В назначенный день и час он явился за ней, и она с порога поинтересовалась, дадут ли ей в его Большом театре снять сапоги, потому что если нет, то она наденет юбку пошире. «Ну, конечно!» – снисходительно отвечал он, и она, скинув халат, стала одеваться у него на виду: подставила ему застежку лифчика, натянула колготки, скользнула в них рукой и, выгибаясь и выворачивая по очереди коленки, быстро и точно расправила трусики. После чего влезла в узкую темно-серую юбку, заправила в нее голубоватую блузку с высоким воротничком и набросила сверху темно-синюю короткую кофточку. До этого они несколько раз ходили в кино, но тут ее ждал совсем другой подиум, и она решила пугливой сорокой отсидеться в кустах и понаблюдать. Впервые за свою короткую жизнь она отправлялась в оперу.

«Так пойдет?» – спросила она, разбросав по плечам локоны, подбоченясь и нацелившись в него бедрами.

Он облизнул потрескавшиеся губы и вполне серьезно предложил:

«Может, останемся?»

Они вышли в морозный, черно-синий вечер и наперекор сосредоточенным послерабочим людям направились к метро.

«Помнишь?» – почти торжественно спросил он и продолжил:

  • «Уж тёмно: в санки он садится.
  • «Пади, пади!» – раздался крик;
  • Морозной пылью серебрится
  • Его бобровый воротник…»

Хотя ни санок, ни морозной пыли, ни бобрового воротника вокруг не видно было и в помине.
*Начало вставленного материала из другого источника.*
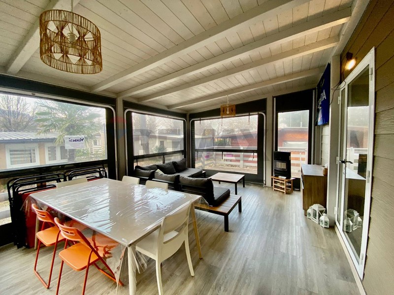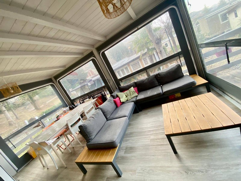 * **Veranda coperta**, completamente attrezzata con **zanzariere e coperture di plastica cernierato** regolabili, utilizzabile in ogni stagione.
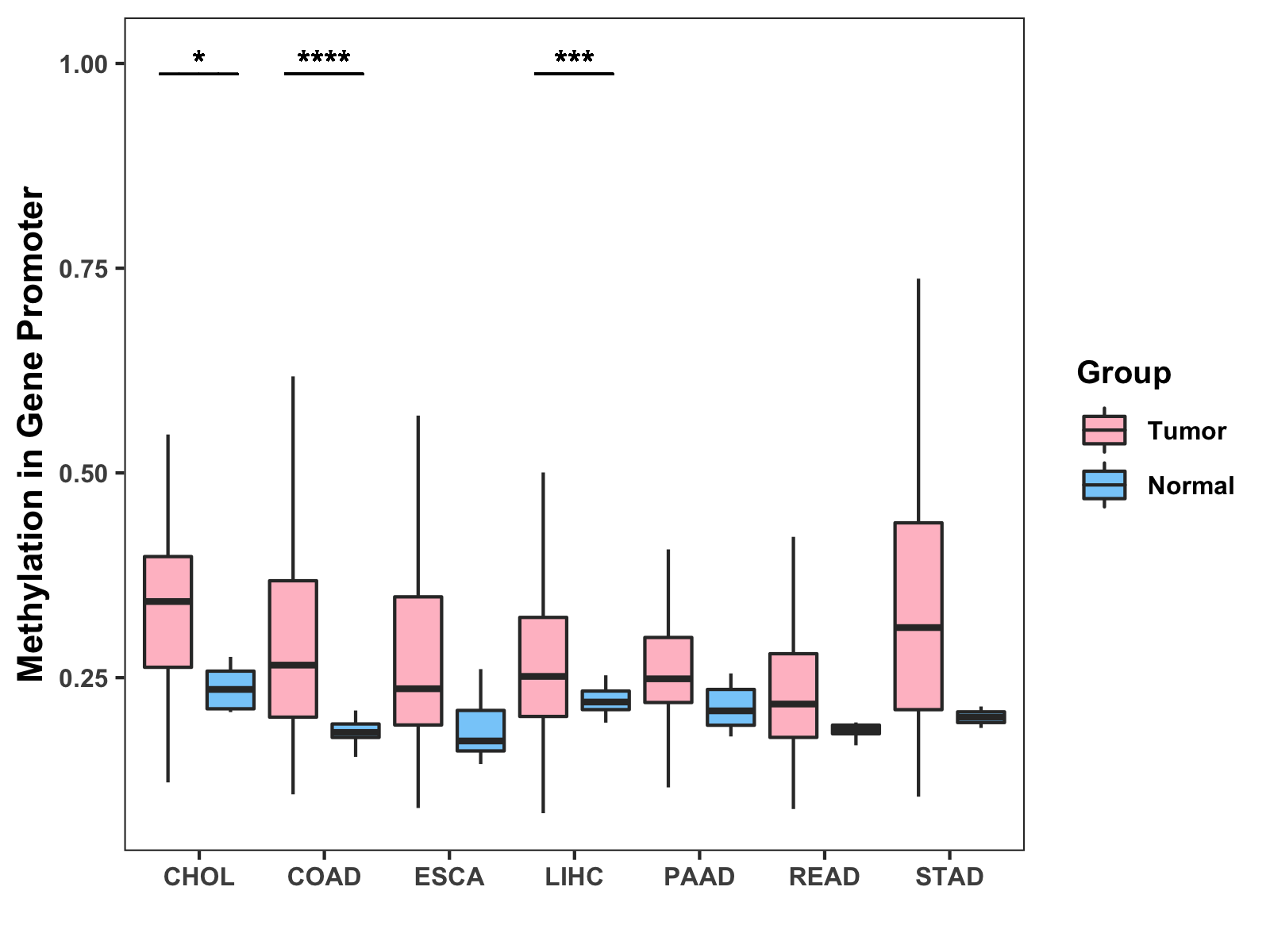 Boxplot of All Gastrointestinal Cancer ( * : 0.01-0.05 , ** : 0.005-0.01 , *** : 0.0001-0.005 , **** : < 0.0001 ) |

«Помню…» – ответила она, не желая признаваться, что если когда-то что-то и помнила, то давно уже забыла.

16

Добравшись до театра, они встали по Сашкиному велению в сквере напротив и принялись разглядывать каменные одежды главного штаба оперно-балетных войск. Возможно, таков был с самого начала его план. Возможно, убедительным монолитным самоцветом, его имперскими внутренностями и подкожным, хрестоматийным действом самого крупного калибра он хотел жахнуть по ее музыкальному бескультурью, чтобы поразить до благоговейного трепета, до топленого почтения, до заведомой всеядности и этим подготовить ее обращение в музыкальную веру, где он занимал бы место первосвященника. Возможно, этим он рассчитывал укрепить покосившийся алтарь своего имени. Возможно.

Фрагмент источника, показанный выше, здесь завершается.